Daily Archives: August 16, 2011

Enemy Faces

I grew up in the Eighties, the Golden Age of America. Reagan had the Communists on the ropes and we were all going to be rich someday.  Hollywood blockbusters provided us all with stories and shared experience, like so many bearded shamans around the Neolithic campfire. I was particularly struck by the wave of Vietnam War films of that time. I wanted to know more and consumed dozens of books on the American involvement in the war. I was always most eager to read the personal narratives of soldiers in the conflict.

In the stacks last week I came across this book, Red Plateau: Memoir of a North Vietnamese Soldier. Looking it over, I had the startling realization that I had never read anything from the Other Side. All the personal stories from the war I had read were from American perspectives. Whether in book or film, the enemy was a largely faceless and impersonal danger, an elemental force lurking in a primeval jungle.

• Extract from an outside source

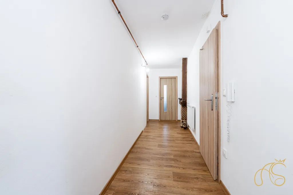 Nabízíme k prodeji zrekonstruovaný byt o velikosti 3+kk s celkovou výměrou 158 m². Jedná se o podkrovní byt v osobním vlastnictví nacházející se ve II. nadzemním podlaží domu. Je vytápěný vlastním plynovým kotlem. Součástí bytu je část půdy o výměře 41 m² s vlastním vstupem z kuchyně - využívaná jako sklad. V současné době je bytová jednotka obývána nájemníky s platnou smlouvou.

I read the short book in a day and half and was floored.  Comparing the differences and similarities between this story and the American stories I have read was interesting. The inherent wastefulness and horror of war are present in both. As a North Vietnamese soldier fighting in the south, Nguyen Van Tan is away from home like his American counterparts. But he doesn’t count the days until he can return. He and his comrades are there to fight until they are killed or the North prevails.  The details of the hardships he faced are gripping and poignant, marching for days and days with only puddle water and moldy rice balls for sustenance, frequently under the threat of nightmarish B-52 strikes. The North Vietnamese soldiers are a sentimental lot and form the close bonds familiar to anyone who has served. His entire platoon weeps openly after Tan, himself paralyzed with shock, receives a letter with the news of the death of his father.  Nguyen Van Tan  miraculously survived some of the heaviest engagements of the war, including the assaults on Khe Sahn.  He credits his survival to a grievous wound he received in 1971, keeping him off the line for a long period of recuperation. Tan had been a schoolteacher and his rudimentary knowledge of English was put to use for a time translating captured documents. In these sections we can read that the North Vietnamese troops found their American foes equally inscrutable.

I only took a moment to mine some more material in the stacks.

Vietnam: A Portrait of its People at War contained personal stories from members of another shadowy antagonist of  the Vietnam War film, the Viet Cong. Interestingly, this book was first published under the title Portrait of the Enemy.

Once again, the power of browsing is revealed. I didn’t know I needed to read these books until I saw them.